EXERCISE DESCRIPTION: Give the data again in full, without pictures.

SUPPLIED INFORMATION:
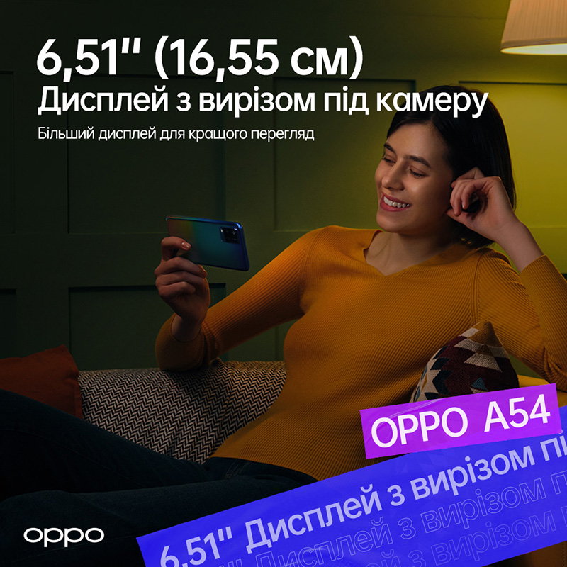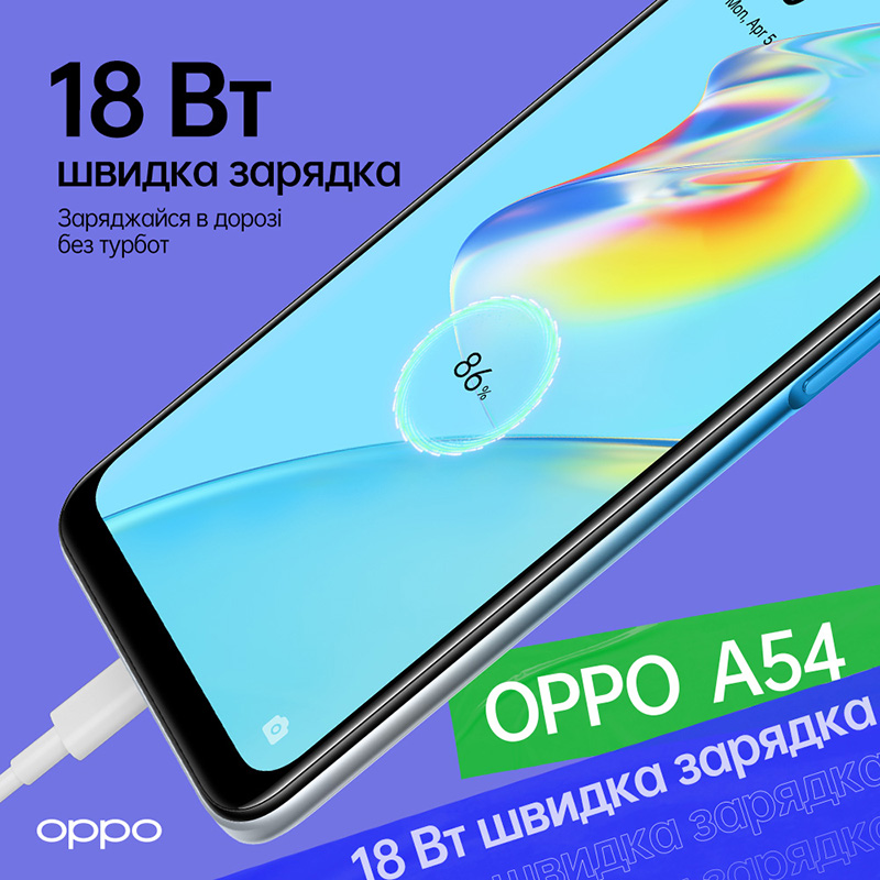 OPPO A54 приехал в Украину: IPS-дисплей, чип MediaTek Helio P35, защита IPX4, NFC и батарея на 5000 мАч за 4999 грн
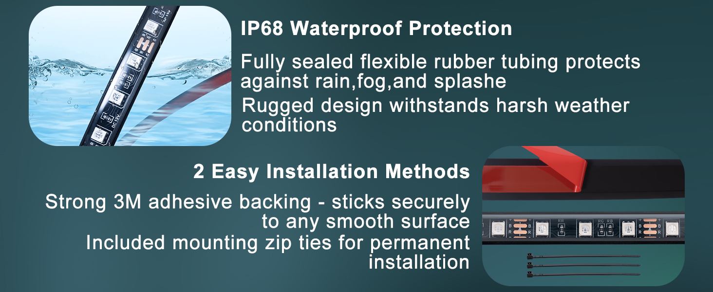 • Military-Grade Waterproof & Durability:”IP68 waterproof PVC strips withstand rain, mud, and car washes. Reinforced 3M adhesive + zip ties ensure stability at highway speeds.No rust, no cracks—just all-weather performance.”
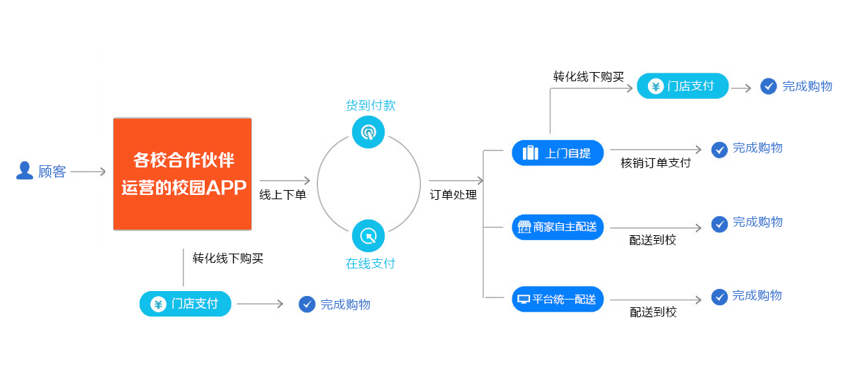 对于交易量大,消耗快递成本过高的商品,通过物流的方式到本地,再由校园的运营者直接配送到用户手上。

ANSWER BELOW:
 OPPO A54 приехал в Украину: IPS-дисплей, чип MediaTek Helio P35, защита IPX4, NFC и батарея на 5000 мАч за 4999 грн
 • Military-Grade Waterproof & Durability:”IP68 waterproof PVC strips withstand rain, mud, and car washes. Reinforced 3M adhesive + zip ties ensure stability at highway speeds.No rust, no cracks—just all-weather performance.”
 对于交易量大,消耗快递成本过高的商品,通过物流的方式到本地,再由校园的运营者直接配送到用户手上。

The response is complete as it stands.